Somaliland’s protection ministry has denied shelling the hospital, and the federal government has asserted it has a “steady dedication” to a cease-fire it declared on Feb. 10. “Indiscriminate shelling of civilians is unacceptable and should cease,” the United Nations and worldwide companions warned final month.

Somaliland separated from Somalia three a long time in the past and seeks worldwide recognition as an unbiased nation. Somaliland and the Somali state of Puntland have disputed Las-Anod for years, however the japanese metropolis has been underneath Somaliland’s management.

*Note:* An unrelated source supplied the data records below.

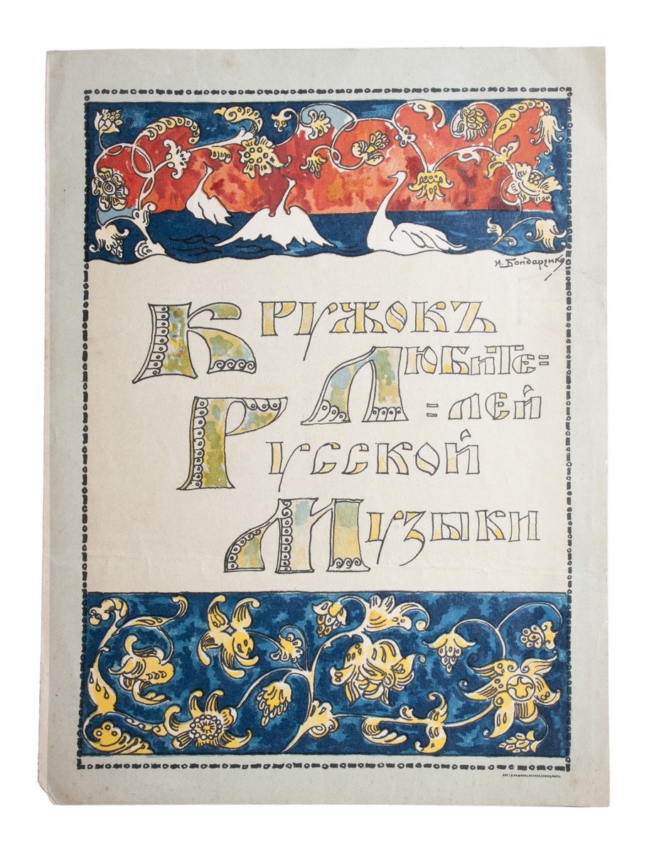 Один, сложенный пополам лист с художественно оформленной первой страницей работы художника И.Е. Бондаренко.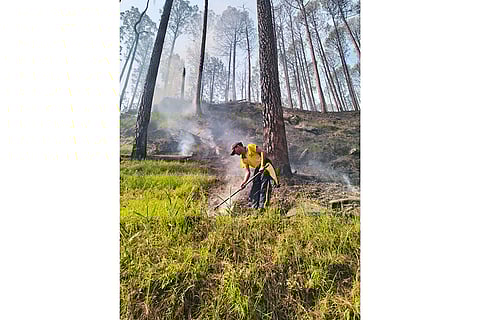 An SDRF personnel tries to extinguish a fire that broke out in a forest area, in Uttarkashi district, Friday May 31, 2024.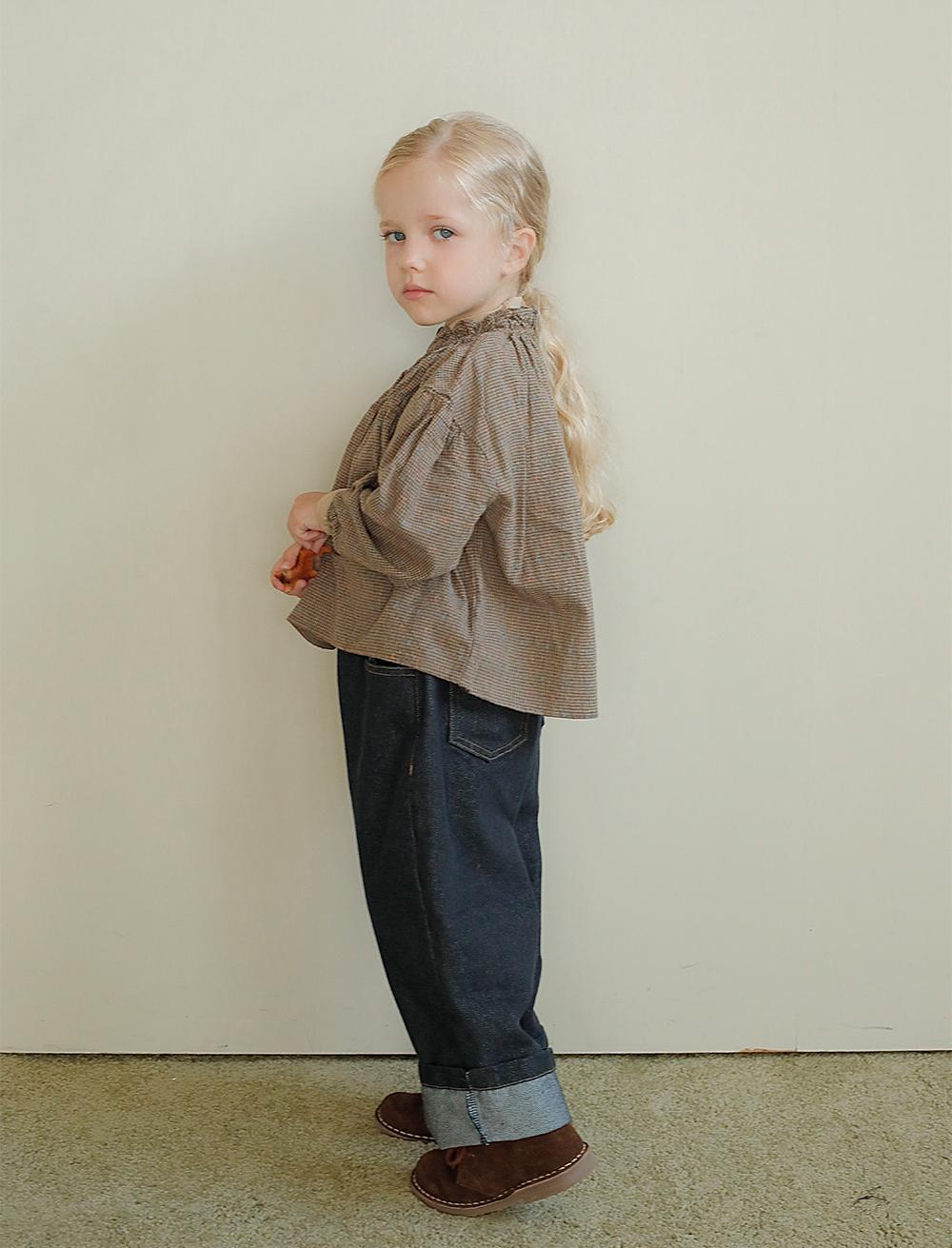 しっかりとした生地感のセルビッジデニム風素材で仕立てクラシックなムードのデニムパンツです。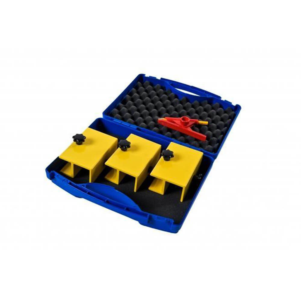 Lieferumfang: 3x Aluminium- Spannelemente, 1x Parallelanreißer, 1x PVC-Koffer mit Weichschaumeinlage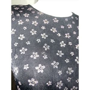 Vintage 90s Black Sparkly flower floral Print Women M Slinky stretchy Maxi Dress y2k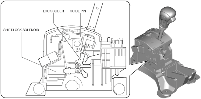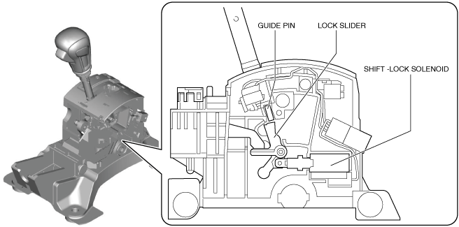 • When the shift-lock release conditions are not met, the shift-lock operates (The selector lever cannot be moved to any position other than P).• Because there is no energization to the shift-lock solenoid at this time, the shift-lock solenoid is not energized.• As a result, the lock slider is in the position shown in the figure and the movement of the guide pin in the downward direction is controlled by the lock slider.• For selector levers in which movement is controlled by the guide pin, the selector lever cannot be moved to a position other than the P position.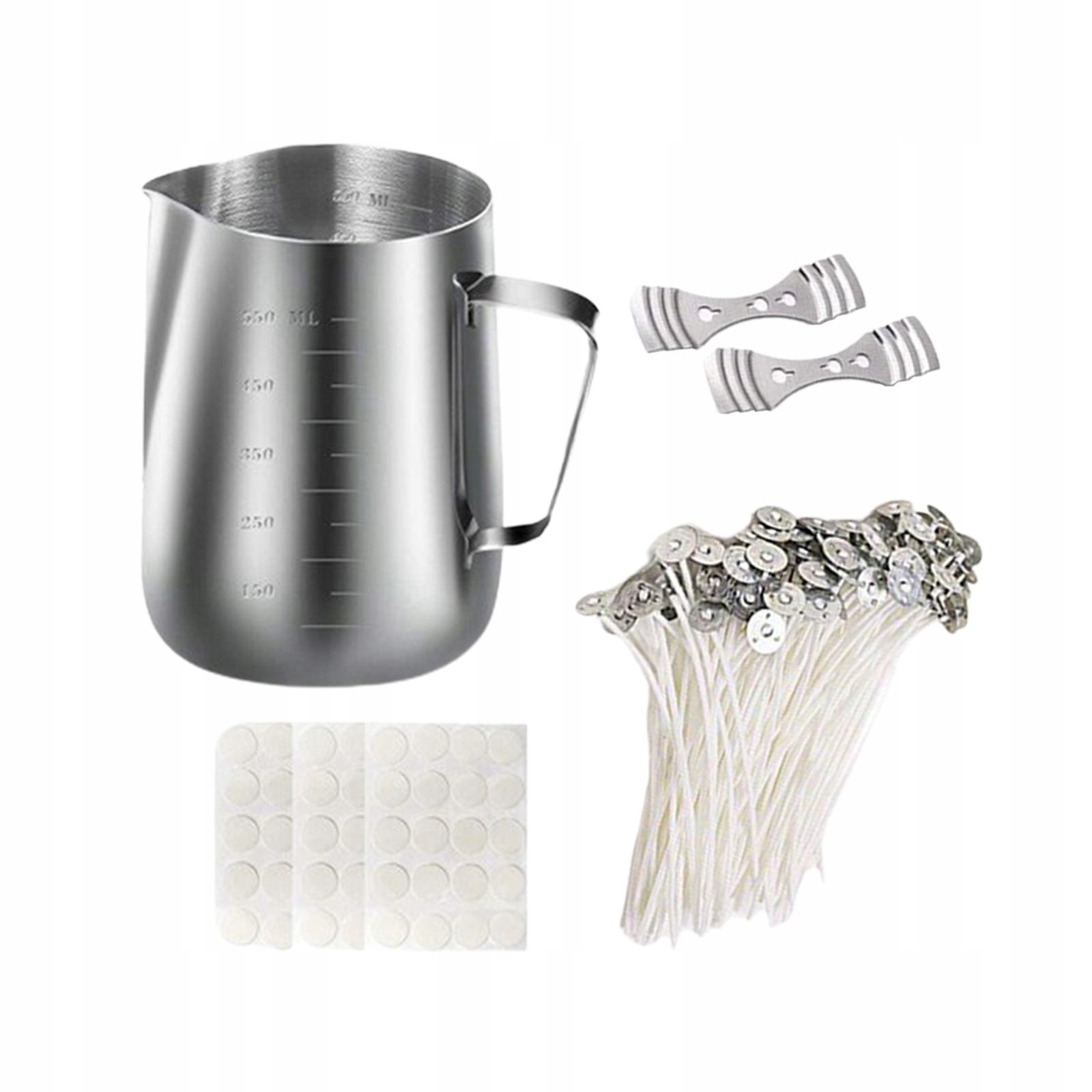 В комплект поставки входят: 1 горшок из нержавеющей стали емкостью 500 мл, 50 фитилей для свечей, наклейка на 50 фитилей, 2 держателя для фитилей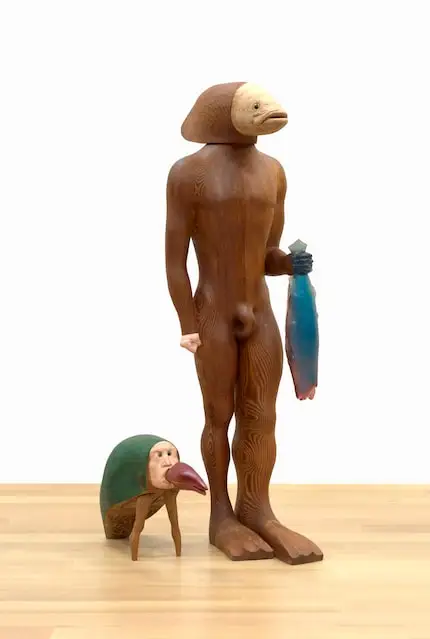 The resulting assemblage has a kind of hybrid or disjunctive character that keeps the viewer somewhat off-balance. A single sculpture, for instance, might have a detailed, realistically carved face and hands, a cartoonishly simple or even unfinished body and accessories, such as a park bench, bicycle or umbrella that were made in a factory and appropriated by the artist.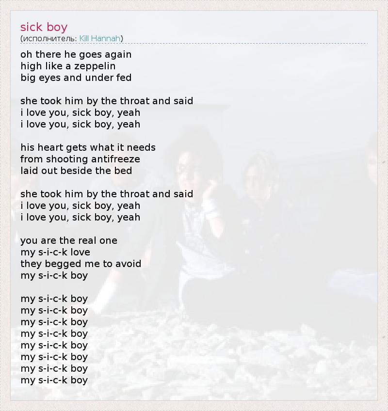 Это интересно:Kill Hannah – рок-группа из Чикаго, штат Иллинойс, в настоящее время подписавшая контракт с Atlantic Records. Kill Hannah была образована вокалистом и автором песен Мэтом Девайном в 1994 г. С 1996 по 2003 Kill Hannah независимо выпустили 8 синглов и номерных альбомов, все из которых были быстро распроданы многочисленными тиражами.Бывшая девушка вокалиста Мэта – тёзка группы. Они встретились в Государственном... продолжение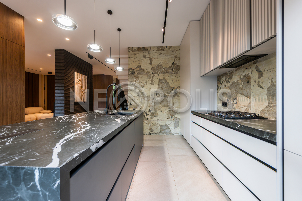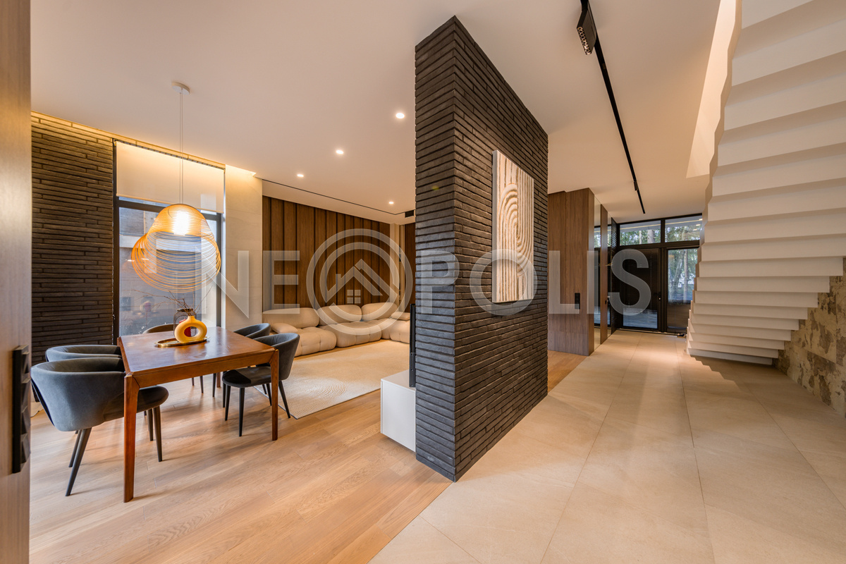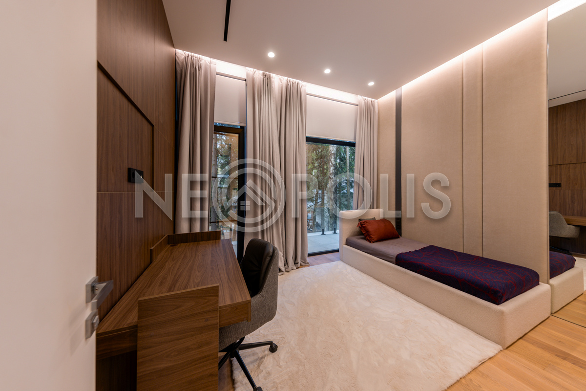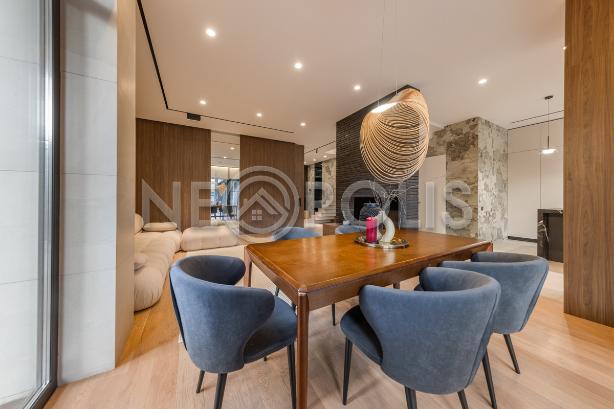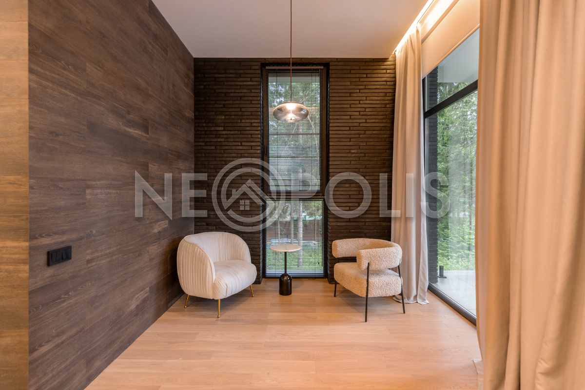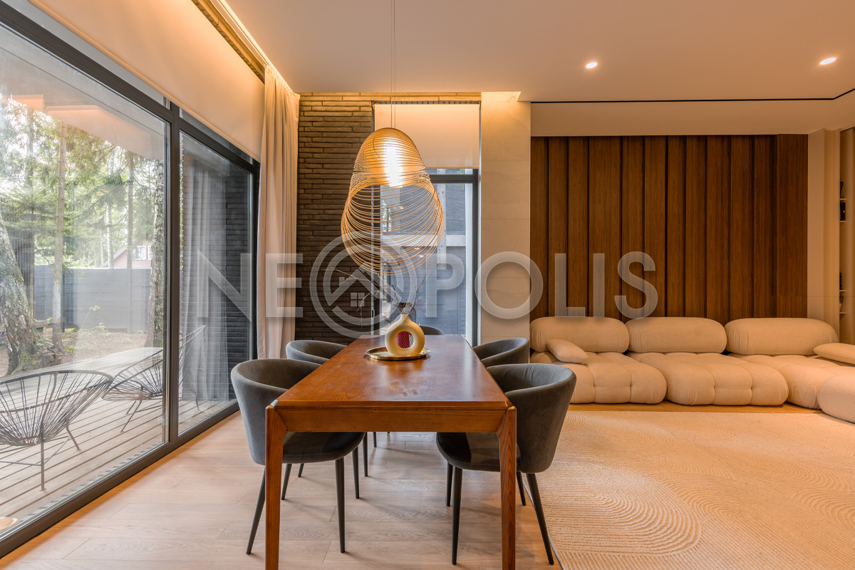 Объект расположен в комфортном для проживания поселке, на благоустроенном участке с видом на лес и ландшафтным дизайном. Полностью готов к круглогодичному проживанию. Отделка выполнена в классическом стиле из дорогих натуральных материалов.

The U.N. mission in Somalia and the U.N. human rights workplace had stated the violence in Las-Anod killed at the very least 80 folks between Dec. 28 and Feb. 28 and greater than 450 noncombatants have been wounded, together with medical personnel. The U.N. has referred to as for respect for medical employees and unhindered humanitarian entry.

The battle in Las-Anod started when an unidentified gunman killed a preferred younger politician in Somaliland’s opposition get together as he left a mosque. Protests adopted towards Somaliland officers and forces within the metropolis.

Somaliland’s authorities has blamed the unrest on fighters with “anti-peace teams and terrorism” and alleged that the al-Shabab extremist group, affiliated with al-Qaida, has supported some assaults.